Copy all data exactly. Skip pictures.
*** Dataset content
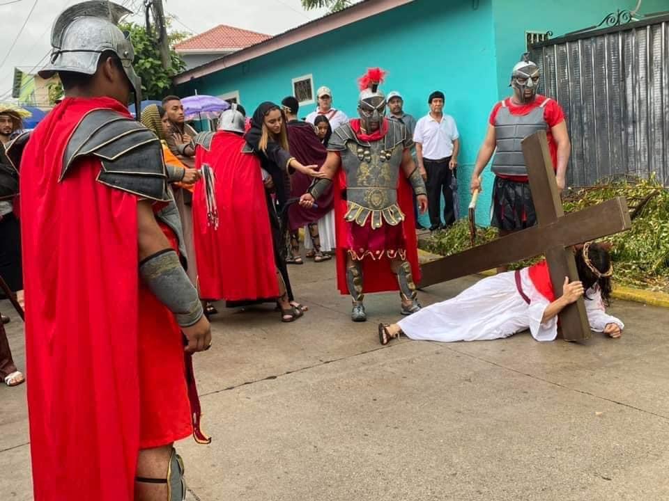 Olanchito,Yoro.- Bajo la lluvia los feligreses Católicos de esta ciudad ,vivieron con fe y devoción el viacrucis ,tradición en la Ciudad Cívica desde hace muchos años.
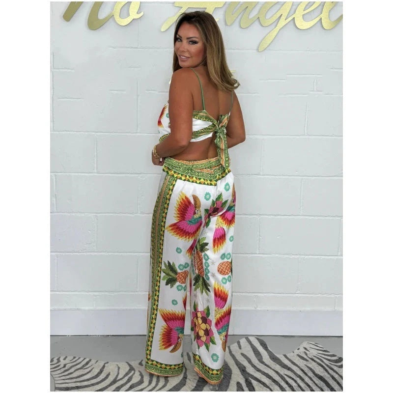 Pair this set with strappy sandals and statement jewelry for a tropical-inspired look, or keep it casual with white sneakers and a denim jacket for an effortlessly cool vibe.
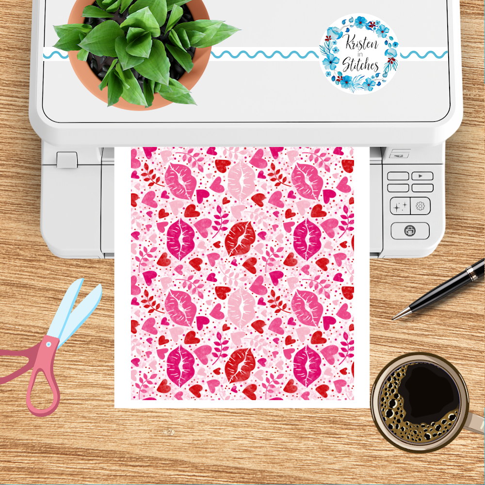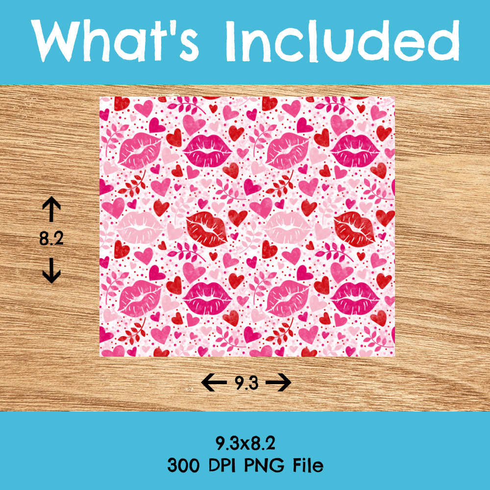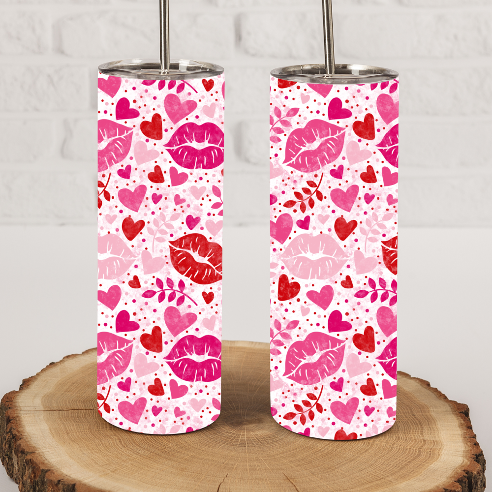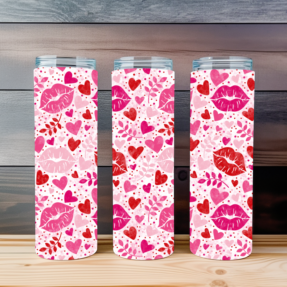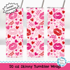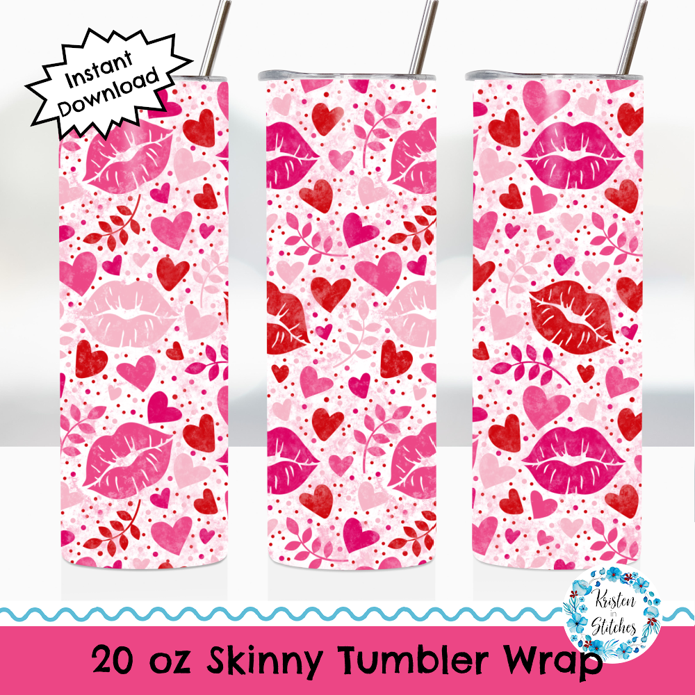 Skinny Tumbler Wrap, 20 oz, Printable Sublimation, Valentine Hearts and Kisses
******
— Task answer —
 Olanchito,Yoro.- Bajo la lluvia los feligreses Católicos de esta ciudad ,vivieron con fe y devoción el viacrucis ,tradición en la Ciudad Cívica desde hace muchos años.
 Pair this set with strappy sandals and statement jewelry for a tropical-inspired look, or keep it casual with white sneakers and a denim jacket for an effortlessly cool vibe.
 Skinny Tumbler Wrap, 20 oz, Printable Sublimation, Valentine Hearts and Kisses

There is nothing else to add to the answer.